Kadir kelimesi, sözlükte “hüküm, şeref, güç, yücelik” gibi anlamlara gelir.
Dini litaratürde ise, geceyi şereflendirdiği ve kadrini yücelttiği için,
Kuran’ın indirildiği bu geceye “Kadir Gecesi” denmiştir.
Kadir gecesi, İslâm’da en kutsal ve en faziletli gecelerin başında gelir.
Müslümanlarca çok büyük önem atfedilen bu gecenin değeri ise, Kuran-ı Kerim’in
Allah tarafından Cebrail aracılığıyla Peygamberimiz Hz. Muhammed’e (sav)
ilk kez bu gece indirilmeye başlanmasından gelmektedir.
Bu gecenin faziletini bildirmek amacıyla, aynı adı taşıyan bir de sure indirilmiştir.
(Kadir Suresi, Kuran-ı Kerim 97. Sure)
Bu surede, Allah tarafından şöyle denilmektedir;
*Şüphesiz, biz onu (Kuran’ı) Kadir gecesinde indirdik.
*Kadir gecesinin ne olduğunu sen ne bileceksin!
*Kadir gecesi bin aydan daha hayırlıdır.
*Melekler ve Ruh (Cebrail) o gecede, Rablerinin izniyle her türlü iş için iner de iner.
*O gece, tan yerinin ağarmasına kadar bir esenliktir.
Burada hemen belirtmekte fayda var ki, suredeki “Kadir gecesi bin aydan daha hayırlıdır”

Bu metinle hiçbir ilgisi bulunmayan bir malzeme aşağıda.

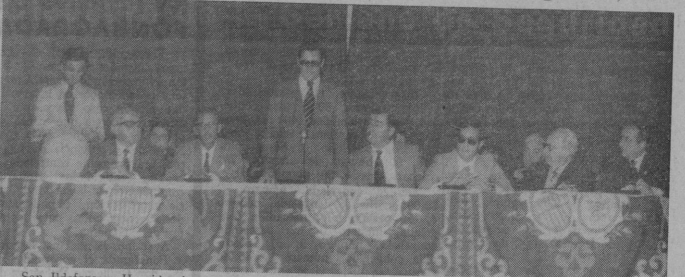
San Ildefonso.—Ha sido clausurada la Semana de Seguridad que se ha venido celebrando en este Real Sitio, organizada por la empresa Esperanza, S. A. El desarrollo de las jornadas y el interés puesto en las mismas por los asistentes, hacen confiar en que los resultados que se deriven de ella sean notoriamente positivos.

El acto de clausura fue presidido por el delegado provincial de Trabajo, al que acompañaban otras personalidades segovianas, así como el director de la empresa y alto personal de la misma. En el acto de clausura hicieron uso de la palabra el director de la empresa y el delegado provincial de Trabajo, cerrando el acto y entregando los premios en metálico concedidos por la empresa.

ayetinde geçen “bin ay” ibaresi, gecenin faziletine güçlü bir vurgu yapmak amacıyla
söylenmiş bir ibaredir.
Özellikle dini söylemlerde sıkça geçen bu tür ibareler, anlatılmak istenen
şeyin önemine vurgu yapmak ve anlamı daha da güçlendirmek için kullanılır.

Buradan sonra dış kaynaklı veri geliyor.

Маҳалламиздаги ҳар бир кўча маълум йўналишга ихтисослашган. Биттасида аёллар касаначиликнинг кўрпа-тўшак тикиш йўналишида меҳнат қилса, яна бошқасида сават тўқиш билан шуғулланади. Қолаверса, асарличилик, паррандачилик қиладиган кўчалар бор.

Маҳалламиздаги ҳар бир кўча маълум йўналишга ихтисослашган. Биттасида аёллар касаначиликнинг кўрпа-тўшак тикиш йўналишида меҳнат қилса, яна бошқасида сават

Tıpkı Mevlana’nın meşhur, “Bin kere tövbe etsen de yine gel” sözünde olduğu gibi.
Öte yandan, çeşitli dini kaynaklarda, “Bin ay” ibaresinin ne sebeple söylenildiğini
açıklayan aşağıdaki gibi bazı menkıbeler yer almaktadır.
“Peygamber Efendimiz (sav) daha önceki ümmetlerden bin sene cihad eden insanları
düşünüp, benim ümmetimin ömrü kısadır, az ibadet ederler diye üzülünce, Allah (cc)
“Kadir gecesi senin ve ümmetinindir” buyurup Habibinin kalbini ferahlandır dı”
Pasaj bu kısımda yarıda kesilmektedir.